I bought this one hoping to switch out the caboose parts but the holes are different. The color is more yellow than orange. So I used scotchbrite and rubbing compound.










The left picture is half done on left and dirty to the right side. Last picture completed.
Then a floor shine to finish.









Any ideas on the curious hole by the truck rivet on one side??? Both 6111's have it.











A perfect Match.


----------



## tjcruiser (Jan 10, 2010)

T-Man,

My 6151 with the black-and-white Range Patrol truck uses that very same flatcar. I looked, and it has the same round hole near a truck rivet ... one side only. No idea what it's for. I suspect that the 4 rectangular holes (closer to the car midbody) were for cargo tiedowns on my Range Patrol, and for a pair of two-posted pipe stanchions on the 6111 cars. I see no apparent use of the round hole in the photos in my books on any of the 6111, 6121, or 6151.

TJ


----------



## Big Ed (Jun 16, 2009)

Did you know,

copy and paste,

An interesting note regarding this style flatcar is its use after production of the flatcars cars ended in 1957. A slightly modified version of the flatcar -- specifically the elimination of one end-railing -- eventually became the frame for all work cabooses manufactured by Lionel after 1957. 

Are you sure that is a 6111?

I read something about the hole somewhere in my research travels, but can't it it up again.


----------



## gc53dfgc (Apr 13, 2010)

I would imagine it is for an electrical pick-up for a special version of the car with a lighted or motored load or one that was intended to be but never was.


----------



## Big Ed (Jun 16, 2009)

gc53dfgc said:


> I would imagine it is for an electrical pick-up for a special version of the car with a lighted or motored load or one that was intended to be but never was.

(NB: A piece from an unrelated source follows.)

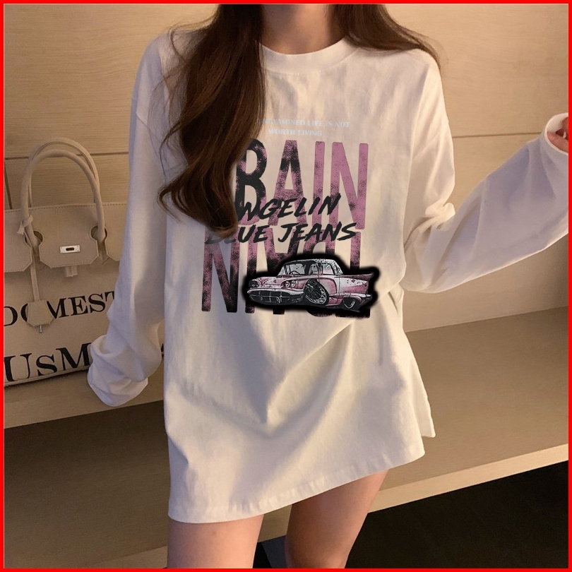 The Monseur Gallery Baju Kaos Wanita Lengan Panjang Kaos Oversize Wanita Baju Atasan Wanita Terbaru Retro Car Kaos Wanit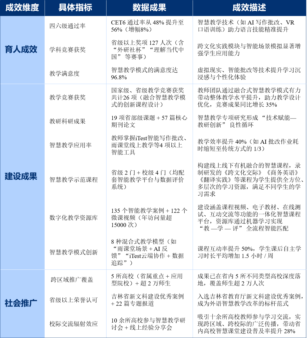 学生发展:经靶向挖掘奠定资源基础、多维融入强化能力培养、实践转化促进内化提升,学生英语四六级通过率提升24%(CET6 达 72%),127 人次获省级以上竞赛奖项,跨文化沟通等能力显著增强,教学满意度达 96.8%。

I think you hit the nail on the head!
If they used it for cabooses that would be for the light bulb wire to come up through the frame.


----------



## tjcruiser (Jan 10, 2010)

Sounds entirely plausible to me. Good detective work Ed & GC !!!

TJ


----------



## T-Man (May 16, 2008)

It makes sense for the wire.
The work caboose has different holes. I will get a picture. Done.


----------